The office of the High Commissioner for Human Rights cited both sides of the conflict including a Saudi-led coalition supporting Yemen's government, and Shia rebels, known as Houthis, and others. Spokesman Rupert Colville pointed to coalition airstrikes and "indiscriminate" shelling in residential areas.
OHCHR wants the coalition and Yemen's government to allow "independent and impartial" investigations in Yemen.
The agency's latest count, which dates to 24 September, does not include casualties from an alleged air strike on a wedding party in Taiz that UN officials say may have killed 130 people or more.
In the ongoing fighting on the ground, Arab media reported on Monday that Saudi-led coalition forces had reached the outskirts of the Marib dam to the east of Sanaa, and had destroyed arms depots there.
The fighting in Marib, where coalition and government-allied troops have massed, has progressed slowly.
The airstrikes came as the Saudi army announced Sunday that one of its generals was killed while on duty in the kingdom's Jizan province near the border with Yemen.

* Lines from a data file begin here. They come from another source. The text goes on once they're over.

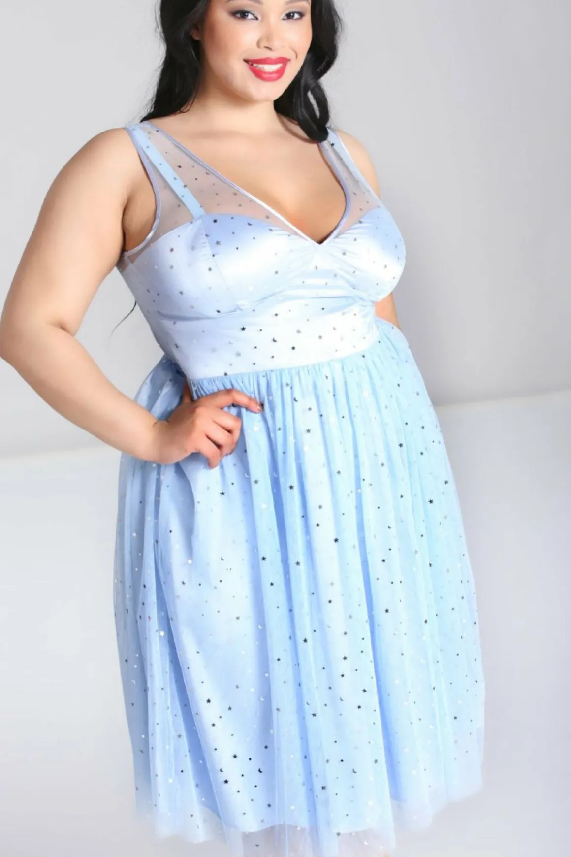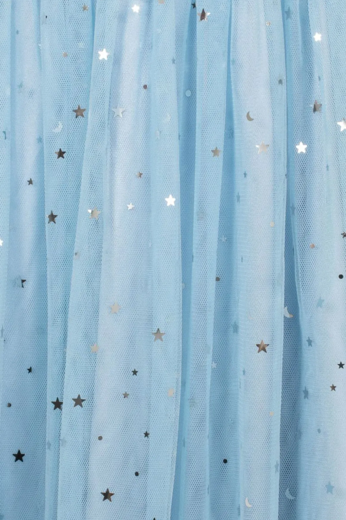 Tulle Dress InblueGold Sparkley Stars & Moons On The Tulle Outer Layer.Dress Is Lined In Black Fabric.Black Lining Attac…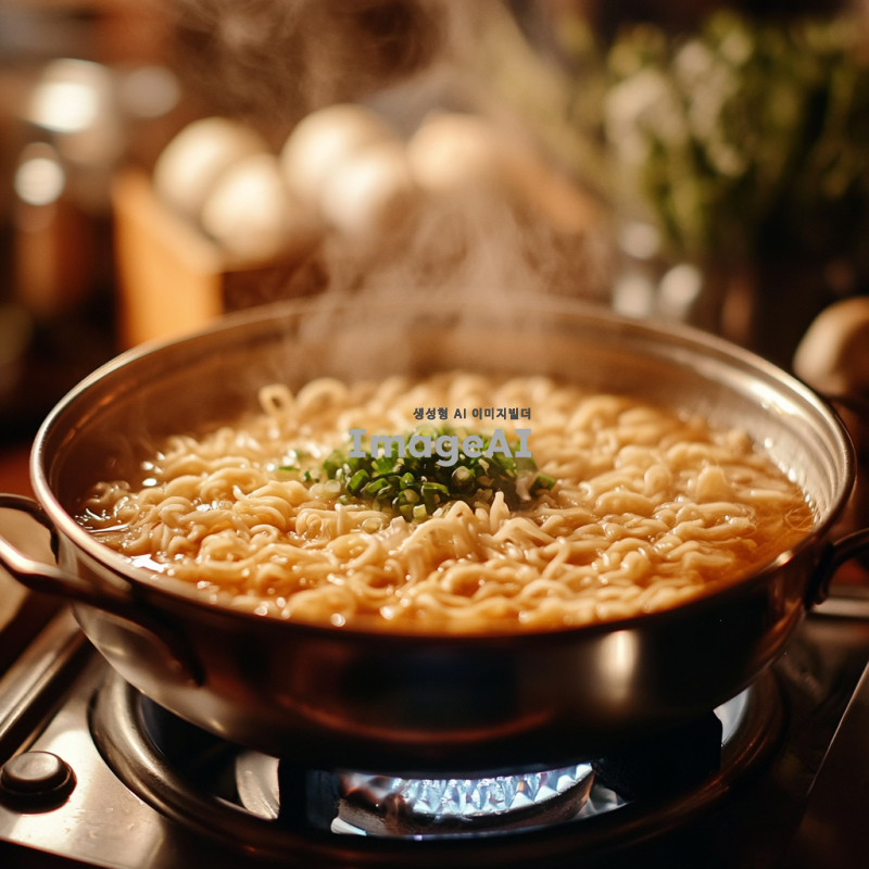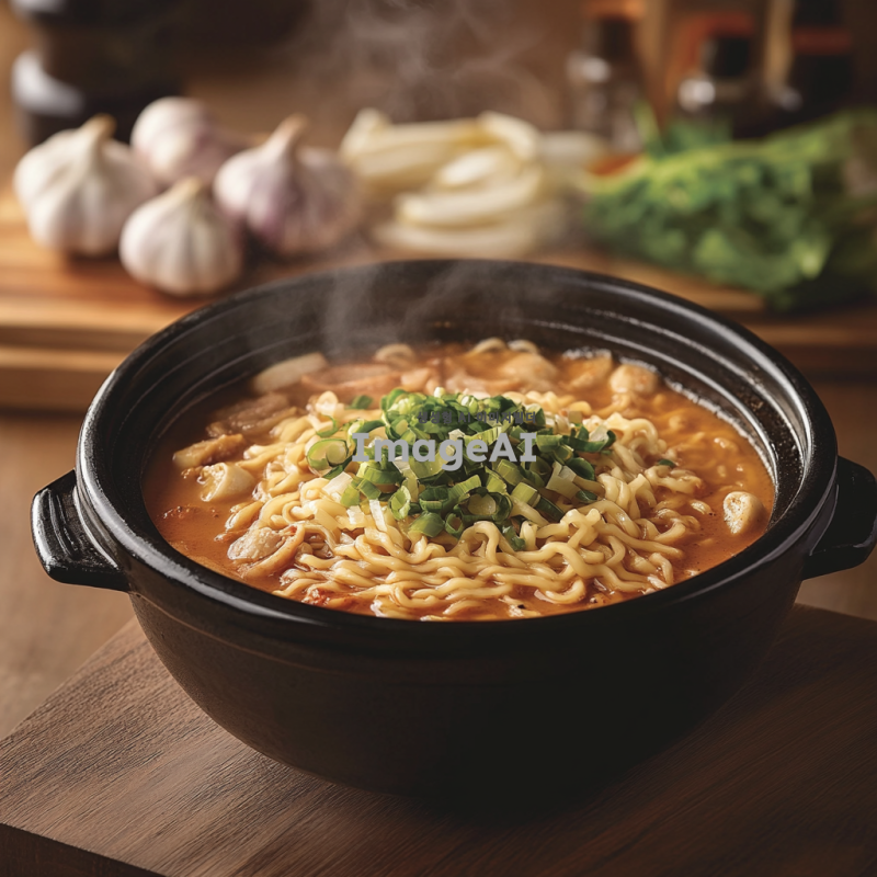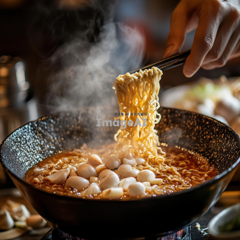 한국의 전통적인 주방에서 조리 중인 라면, 국물 속에 풍부하게 들어간 통마늘이 강조된 모습. 라면 그릇 주변에 신선한 통마늘이 자연스럽게 배치되어 있고, 국물의 깊은 색감과 면발의 질감이 잘 드러나도록 표현. 배경은 따뜻한 색조의 주방 인테리어로, 한국의 가정적인 분위기를 연출. 제품의 이름이 들어갈 수 있는 공간을 상단에 마련하여 깔끔하고 세련된 디자인으로 완성.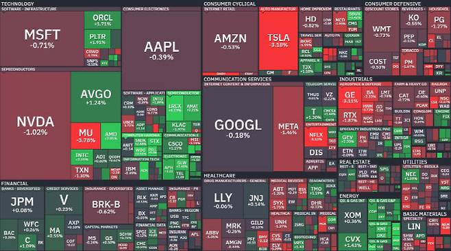 이날 증시에서는 대형 기술주들이 전반적으로 약세를 보였다. 이날도 대형 기술주들은 대부분 하락했다. 엔비디아(-1.02%), 알파벳(-0.19%), 애플(-0.39%), 마이크로소프트(-0.71%), 아마존(-0.52%). 메타(-1.46%), 테슬라(-3.18%) 등이 하락했다. 테슬라는 자율주행 시스템 관련 규제 리스크까지 겹치며 낙폭이 확대됐다.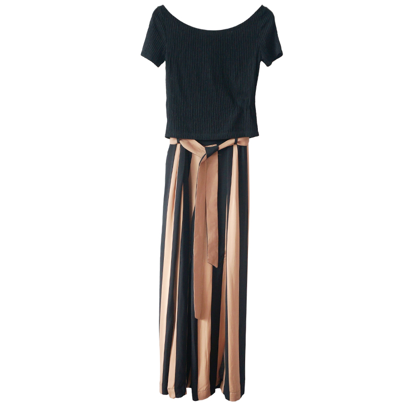 時尚闊腿褲套裝女夏2018新款短袖T恤條紋綁定高腰開叉長褲兩件套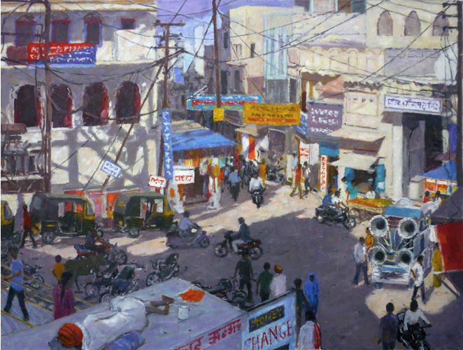 9. Sadhu Asleep, Jagdish Chowk, Udaipur (Oil) 17.5" x 23" £1700
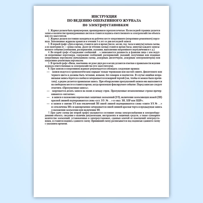 1. Журнал должен быть пронумерован, прошнурован и скреплен печатью. На последней странице делается запись о количестве прошнурованных листов и ставится подпись ответственного за электрохозяйство объекта или его заместителя.

He is the second high-ranking Saudi military official to have been killed on the border this weekend.
A colonel and another border guard died late Friday in a gun battle after a landmine blast along the frontier with Yemen, according to the Saudi interior ministry.

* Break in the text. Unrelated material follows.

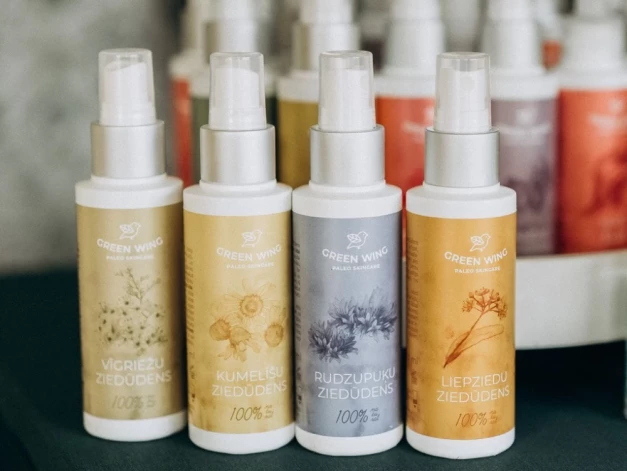 Industriāli ziedūdeņus iegūst kā ēterisko eļļu destilācijas blakusproduktus, tāpēc tirgū dominē eksotiskie rožu vai lavandas ūdeņi. Tomēr pašmāju zīmols Green Wing pierāda, ka Latvijas daba ir neizsmeļama: šeit top vīgriežu, rudzupuķu, cidoniju, liepu, ābeļziedu un pat smiltsērkšķu ogu destilāti. “Mana aizraušanās ar ziedūdeņiem sākās, meklējot veidu, kā apvienot zināšanas ķīmijā ar mīlestību pret Latvijas dabu. Industrijā redzētie sintētiskie sastāvi mudināja radīt ko patiesu – Green Wing ziedūdeņi nav fabrikas produkts, tie top ar cieņu pret katru augu, ko esam rūpīgi atlasījuši tepat mūsu reģionā,” stāsta Ance.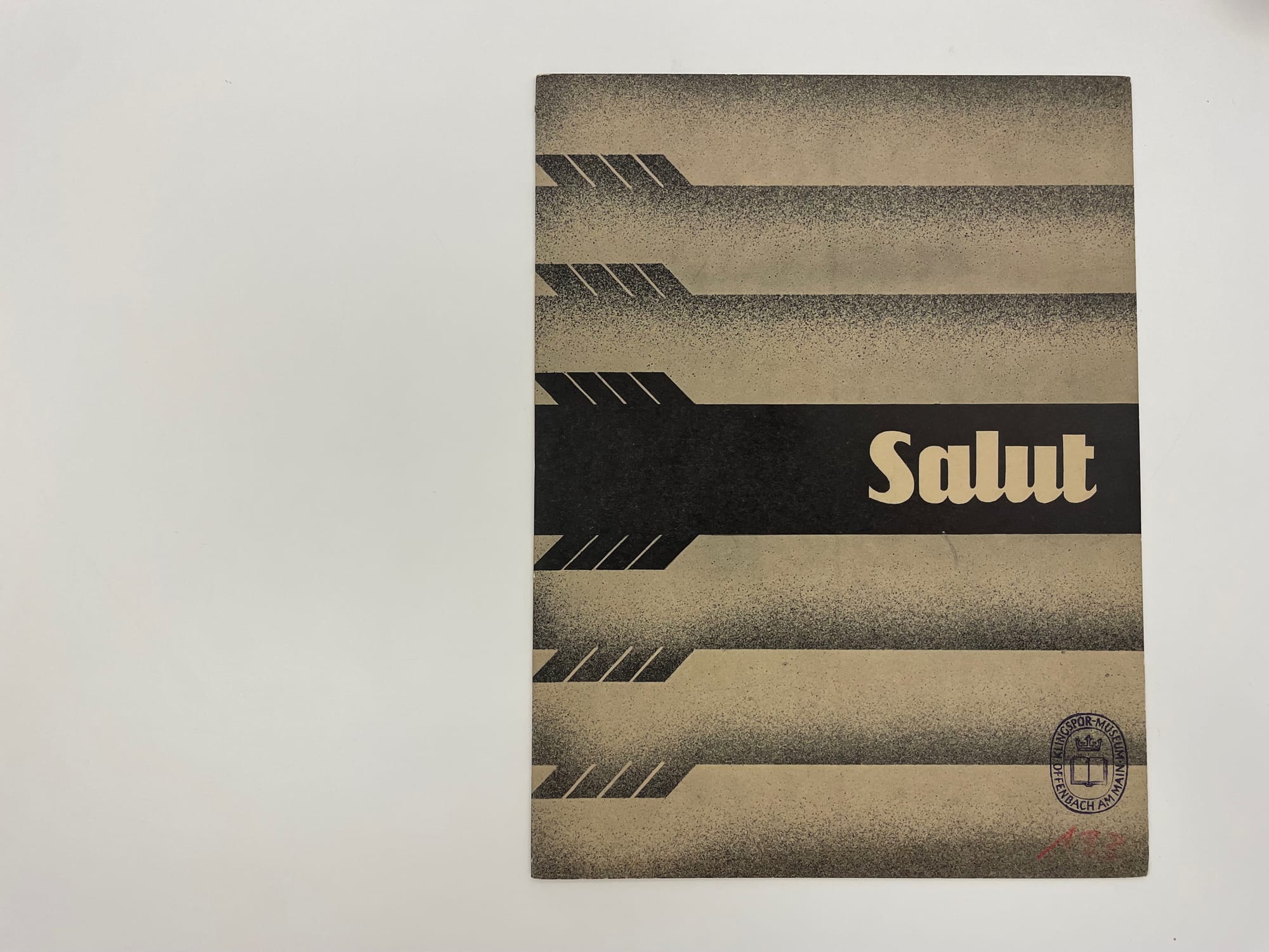 Salut by Heinrich Maehler. From left to right: 1. The closed specimen booklet 2. First page of the booklet.

In late March, a Saudi-led coalition launched a military campaign against the Houthi insurgents to stop them from taking control of the whole country.
Around 70 people, mostly soldiers, have been killed in Saudi Arabia from border shelling and skirmishes since the coalition campaign began.

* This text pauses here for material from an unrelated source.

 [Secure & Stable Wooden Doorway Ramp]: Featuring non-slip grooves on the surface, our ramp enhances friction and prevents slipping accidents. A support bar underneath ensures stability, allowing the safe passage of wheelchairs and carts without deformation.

Separately on Sunday, Yemen's President Abd-Rabbo Mansour Hadi urged the Houthis to lay down their arms and resume dialogue to end Yemen's conflict, as he left for the UN General Assembly.
The embattled leader, returned Wednesday to the southern city of Aden after a nearly six-month exile.
"I am open to all efforts seeking a political solution," Hadi said in a letter addressed to King Salman of Saudi Arabia, where the Yemeni leader took shelter in March after rebels advanced on Aden, his last refuge at the time after having escaped house arrest in Houthi-controlled Sanaa.
Hadi also called on rebels "to end their coup, surrender weapons ... and return to the dialogue table, to implement the UN Security Council Resolution 2216," which demands the insurgents withdraw from territories they have occupied.
The rebels overran Sanaa almost unopposed in September last year and went on to expand their control zone into several regions, aided in fierce fighting against pro-Hadi forces by renegade troops loyal to ousted president Ali Abdullah Saleh.
In July, government-allied forces backed by a Saudi-led Arab coalition evicted the rebels from Aden and four other southern provinces, and they have since set their sights on advancing on Sanaa.
In a letter to Hadi, King Salman congratulated Hadi on his return to Aden and pledged support to the internationally-recognised president.
"We in the coalition stand firmly, with all our strength, by your side... to protect your country," Salman wrote.